Yesterday, I spent about twelve hours at my 15th college reunion. I had gone with my friend, Cheryl, without whose influence, I would never have gone. I was glad I went, although I admit I've never been enthusiastic about giving money to Wesleyan, with which I was pretty disgusted by the time I left. For four years there, I was involved with various fights with the board of trustees over South African investments, core curricula proposals, and affirmative action policies. My favorite professors, Henry Abelove, Michael Harris, and Jerry Watts were all mistreated by the institution in various ways, (Harris and Watts were both denied tenure).
The other reason for my particular experience of Wesleyan had something to do with a basic class antagonism to the super-wealthy people I met there who seemed to spend most of their time high; there was a whole contingent in my dorm who spent most of their days smoking pot and playing backgammon, just until time for the exams that they invariably aced. Year after year, I met interesting people who were doing cool things (they were the ones who came to the reunion, obviously) but at the time, in my jaundiced view of everything, the priviledged neer-do-wells were at the center.
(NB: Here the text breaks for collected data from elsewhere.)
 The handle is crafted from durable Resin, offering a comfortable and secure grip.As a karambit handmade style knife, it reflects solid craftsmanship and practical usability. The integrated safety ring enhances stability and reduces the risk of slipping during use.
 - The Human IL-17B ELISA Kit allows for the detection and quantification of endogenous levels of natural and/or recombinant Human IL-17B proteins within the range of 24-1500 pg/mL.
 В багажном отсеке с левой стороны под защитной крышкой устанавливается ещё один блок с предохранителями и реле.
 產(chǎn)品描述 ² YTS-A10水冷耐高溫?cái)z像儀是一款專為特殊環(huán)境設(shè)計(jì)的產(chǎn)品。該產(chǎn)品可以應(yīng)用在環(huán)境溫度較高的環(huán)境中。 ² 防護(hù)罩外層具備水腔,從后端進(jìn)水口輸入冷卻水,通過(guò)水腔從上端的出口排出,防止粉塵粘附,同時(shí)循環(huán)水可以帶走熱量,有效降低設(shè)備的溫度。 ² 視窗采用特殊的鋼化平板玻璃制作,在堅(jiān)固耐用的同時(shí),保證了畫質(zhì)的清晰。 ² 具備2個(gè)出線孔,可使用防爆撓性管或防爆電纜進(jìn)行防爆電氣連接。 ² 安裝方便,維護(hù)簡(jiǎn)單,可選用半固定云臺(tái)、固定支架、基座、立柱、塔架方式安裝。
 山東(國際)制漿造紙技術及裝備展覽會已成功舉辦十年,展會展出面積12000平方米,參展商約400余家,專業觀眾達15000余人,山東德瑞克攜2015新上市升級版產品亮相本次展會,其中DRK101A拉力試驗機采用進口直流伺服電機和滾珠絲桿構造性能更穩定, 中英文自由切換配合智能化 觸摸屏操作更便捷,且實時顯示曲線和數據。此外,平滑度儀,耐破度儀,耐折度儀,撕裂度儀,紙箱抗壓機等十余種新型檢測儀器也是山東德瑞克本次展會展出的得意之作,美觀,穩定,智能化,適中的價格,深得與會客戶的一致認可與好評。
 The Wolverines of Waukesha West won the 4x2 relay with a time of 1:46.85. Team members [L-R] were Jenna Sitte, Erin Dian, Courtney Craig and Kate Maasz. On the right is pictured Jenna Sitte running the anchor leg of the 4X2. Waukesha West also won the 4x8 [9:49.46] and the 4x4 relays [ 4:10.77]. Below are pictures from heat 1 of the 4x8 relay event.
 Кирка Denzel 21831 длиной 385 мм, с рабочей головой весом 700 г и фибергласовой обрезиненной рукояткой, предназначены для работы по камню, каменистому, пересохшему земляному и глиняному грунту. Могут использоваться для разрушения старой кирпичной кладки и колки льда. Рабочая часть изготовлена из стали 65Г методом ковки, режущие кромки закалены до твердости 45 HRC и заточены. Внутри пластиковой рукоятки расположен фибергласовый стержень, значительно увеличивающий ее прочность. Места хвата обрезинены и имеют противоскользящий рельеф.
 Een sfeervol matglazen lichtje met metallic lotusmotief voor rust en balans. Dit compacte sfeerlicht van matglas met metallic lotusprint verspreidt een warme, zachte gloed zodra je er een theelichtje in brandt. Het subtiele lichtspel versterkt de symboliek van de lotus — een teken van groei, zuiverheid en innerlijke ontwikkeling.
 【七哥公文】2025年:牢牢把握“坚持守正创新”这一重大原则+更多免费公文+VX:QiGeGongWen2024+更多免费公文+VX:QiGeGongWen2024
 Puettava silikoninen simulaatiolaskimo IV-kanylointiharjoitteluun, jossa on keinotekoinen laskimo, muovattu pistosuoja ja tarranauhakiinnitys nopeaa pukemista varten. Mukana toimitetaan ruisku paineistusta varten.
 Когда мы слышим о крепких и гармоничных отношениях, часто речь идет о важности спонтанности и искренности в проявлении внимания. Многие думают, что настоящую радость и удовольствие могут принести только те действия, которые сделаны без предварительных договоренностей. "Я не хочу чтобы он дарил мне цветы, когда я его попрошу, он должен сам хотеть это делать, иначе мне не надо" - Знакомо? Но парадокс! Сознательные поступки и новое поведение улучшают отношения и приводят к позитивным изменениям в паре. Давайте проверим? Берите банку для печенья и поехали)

Oh, and then there was that whole disastrousfire-bombing and murder of one my once-friends, an entirely different kind of privileged ne-er do well.
So, I made the resolution upon leaving was never to have anything to do with a private college again because I saw Wesleyan's function as being a training ground for the ruling-class, one of whose primary lessons was about how to fuck up and not face the consequences. I must not have changed entirely, because one of the spots I was most nostalgic to return to was Eclectic, the "co-ed literary society" where I spent many weekends drinking beers and feeling miserable and excluded.
Oh, wasted youth!
(and yes, there were great people at Eclectic too, but I was too miserable when I was eighteen to appreciate them).
Of course, I gained a lot at Wesleyan. I often think back to things I learned there when I'm teaching now, and I think about how unfair it is that most of my students will never experience anything like it. The academic experience of Wesleyan, with those small classes, that amazing library, those bright, bright students, and dedicated professors - those were the things I still appreciate about the place, which combines the aesthetics of the palatial, the funky, and the idyllic in a way that's hard to explain. That aspect of Wesleyan was reflected most in the "Wes Seminar" on contemporary public education that I went to yesterday afternoon. So, yes, I really should give money to the school just to fund scholarships for kids from inner-city highschools. I found out that Michelle Pierce, who I'd never met at Wesleyan, as far as I can remember anyway, is doing amazing things in the Bronx. The discussion she facilitated during her seminar had all the hallmarks of those great classes I took there, and it was the best way to reconnect with the university.
The class dinner was also nice. Fifteen years later, it did seem like most of us had grown up.